第四話 ガヴァネス
2011年2月4日改訂
雇ったはいいものの、とデジレ・ガブリエル・デュボワ侯爵はいささか頭をひねることになった。
没落しているわけでもなく、現役の貴族の嫡子。
誰がなんと言おうと、彼女はあのガリエナ子爵の嫡子で、跡継ぎだ。
ガリエナ子爵はそう思っていないようだが、彼の娘二人に相続権はない。
生まれたときに嫡子ではなく、庶子だったからだ。
だから婚約者も求婚者もつかないのだが、いまいちそれをわかっていないあの愚か者は、この事態をどう見るか。
不当な扱いに怒った跡継ぎ娘が家を出て、デュボワ侯爵家に助けを求めた。力を貸すことを決めたデュボワ侯爵は彼女を預かり、正当な権利を主張するためにガリエナ子爵を退位させようとする―――――。
そうなってくれればまだましだ。
「やはり、愛人にしようと考えている、が一番有力だな」
このまま家に住まわせればそのうわさが立つのは間違いない。
だが、あの方から預かった以上、放り出すわけにもいかない。
「本当に、次から次へと厄介なことを…」
今回ばかりは少々頭が痛かった。
愛人という噂に思うところはあるかもしれないが、それぐらいの意趣返しは許されるだろう。
そう判断して、彼女を雇うための書類にペンを走らせた。
「給金は月に金貨2枚。金貨でほしいですか?銀貨でほしいですか?」
「銀貨と銅貨でお願いします」
「住み込みなので、月に銀貨15枚いただきます」
「はい」
「風呂は2日に1回。
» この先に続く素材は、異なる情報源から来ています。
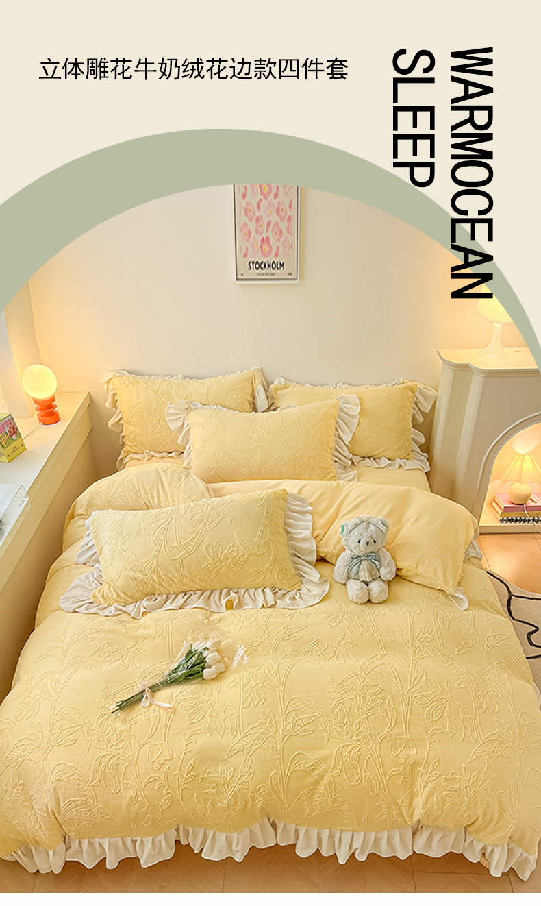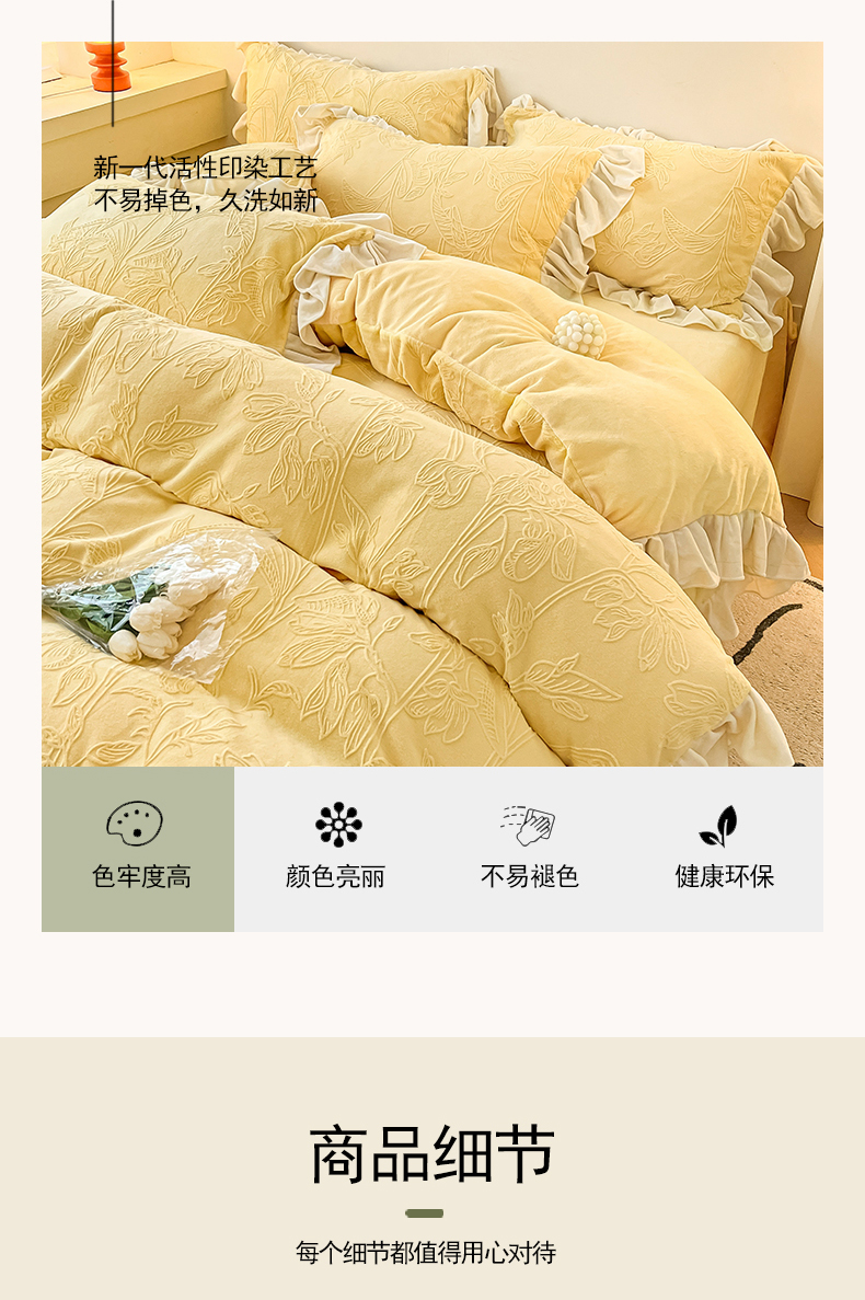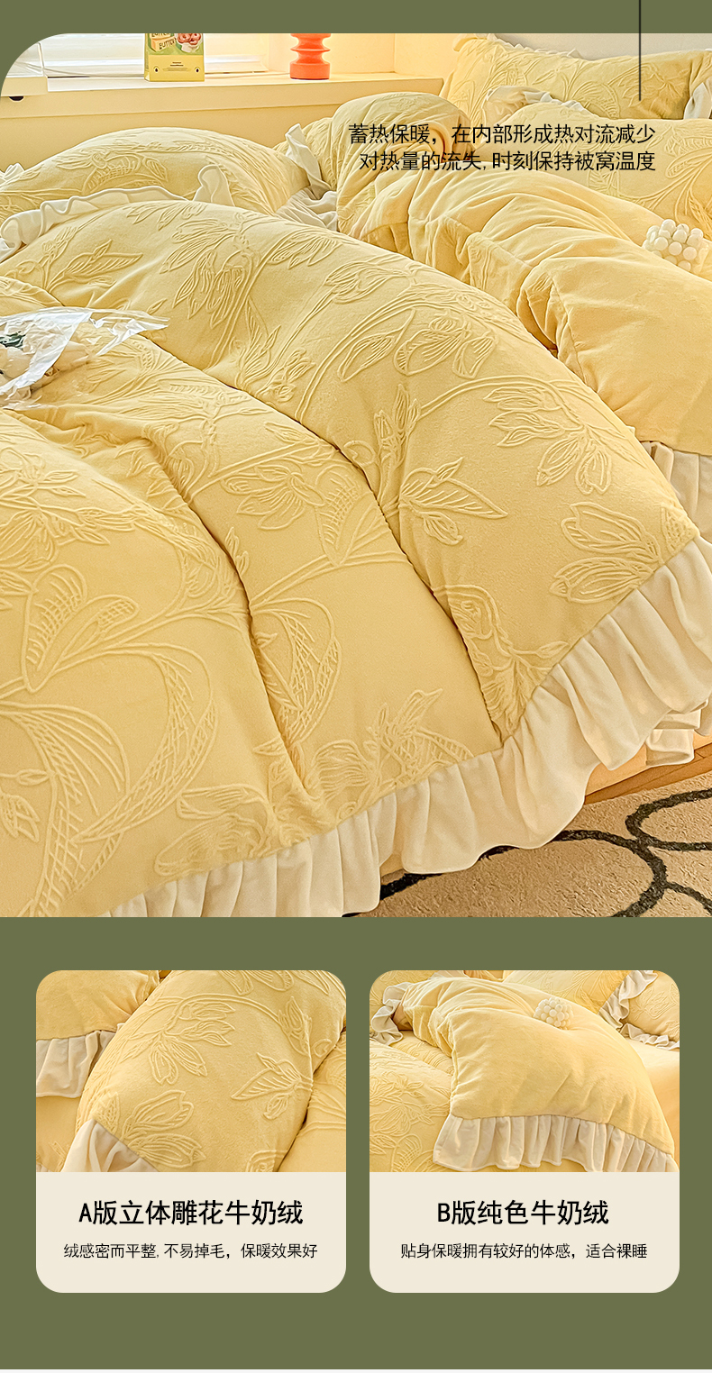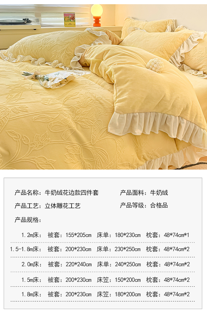 当前位置: 91家纺网 > 商品网购 > 床品套件 > 四件套 > 牛奶绒四件套 > 琪格格纺织 2025新款全消光小清新花边款雕花牛奶绒四件套 雕花绒花边 枝枝叶叶 黄
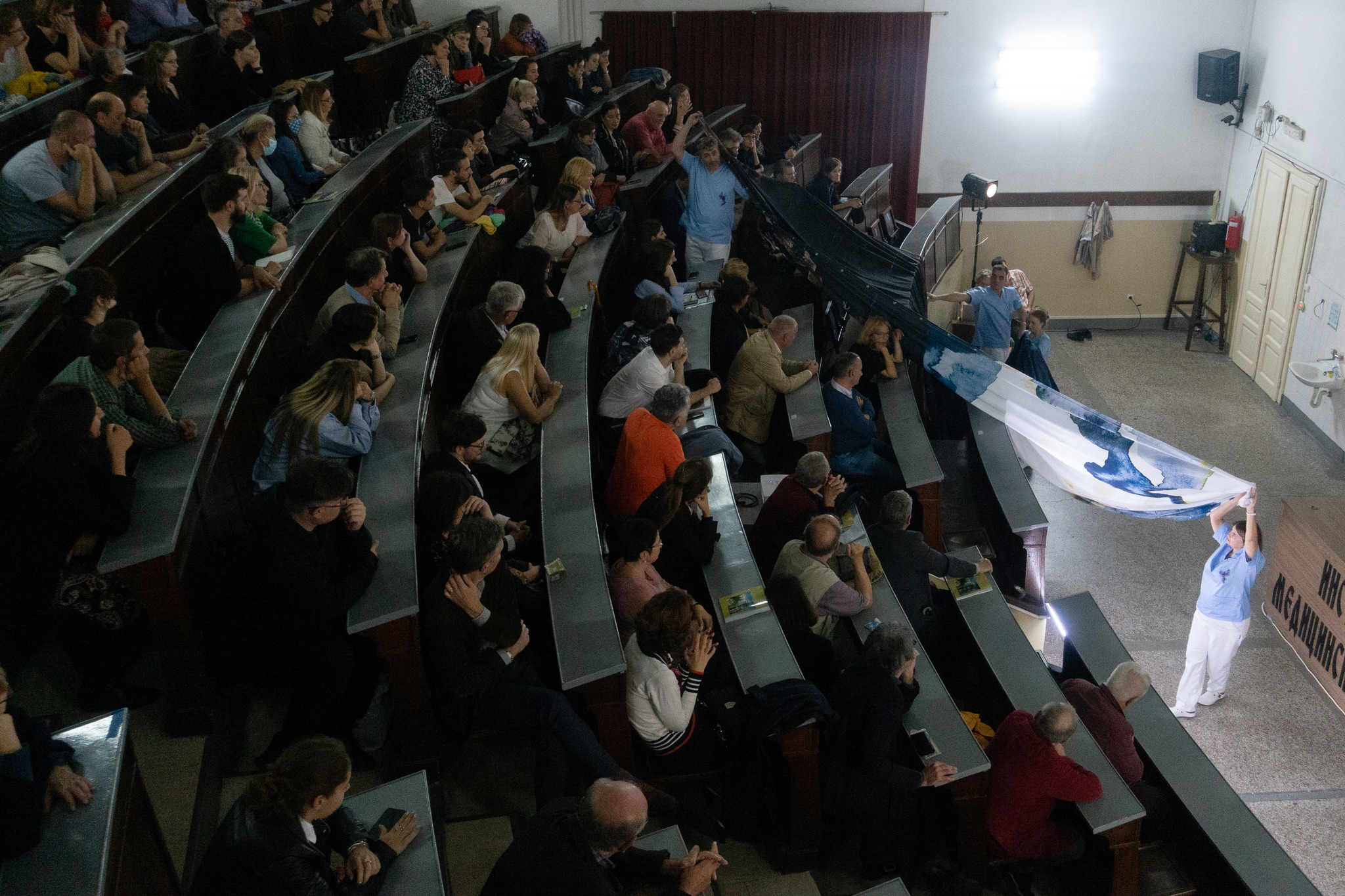 Upečatljivosti ove predstave, pored njene teme, dodatno doprinosi i prostor u kome se ova predstava igra na Bitef festivalu: amfiteatar za anatomiju Medicinskog fakulteta, mesto gde se upravo stvaraju doktori „za Nemačku”. Smeštajući predstavu u središte prostora u kome se mladi zdravstveni radnici obrazuju, Bojan Đorđev na specifičan način pomera diskurs – ti mladi ljudi su sada diplomirani lekari, specijalizovani za razne oblasti medicine i oni sada ispred profesorske katedre pričaju o drugoj strani medicine, onoj koja se ne nalazi u anatomskom atlasu. Publika sada sedi u amfiteatru i sluša o posledicama, ali ne recimo o posledicama loše ishrane na organizam, već o posledicama odlaska na organizam. Tačno je, oni savršeno dobro poznaju ljudski organizam do najsitnije ćelije, ali najbolje poznaju osećaj odlaska i ostavljanja svega iza sebe. Napuštena mesta nekima bude sećanja iz ratnog detinjstva, nekima o ljubavi, a nekima o opustošenim gradovima i napuštenim porodičnim kućama.

服は仕事着を2枚支給。半年に1度申請できます。代金は銀貨1枚」
「わかりました」
「食事は一日2回。食堂で」
そこまで説明してくれたところで、鈴がなった。
壁にひもをつけてぶら下げられた鈴の一つを手に取る。
「はい」
鈴、と思ったのは、通信機だったらしい。
同じ室内であればどこでも話すことのできる道具が存在するというのは聞いていたが、見るのは初めてだった。
「はい…は、しかし…」
なにか問答しているようだが丁寧な言葉遣いだ。
ひょっとしたら、デュボワ侯爵なのかもしれない。
となれば手持ち無沙汰だが話の邪魔をするわけにもいかない。黙って待つしかなかった。
ややして鈴を置いて振り向いた執事がため息と共に思いもかけないことを言い出した。
「…あなたの仕事内容が変わりました」
「はい?」
下働きじゃなかったのか。
いや、下働きにしてはあまりにも給金が破格だから女中かもしれなかったが。
「あなたのお仕事は、お嬢様の家庭教師だそうです」
「・・・・・・・・・・・・はぁ!?」
あまりにもめまぐるしい一日すぎないだろうか。
ついていけない頭で、それだけをかろうじて思った。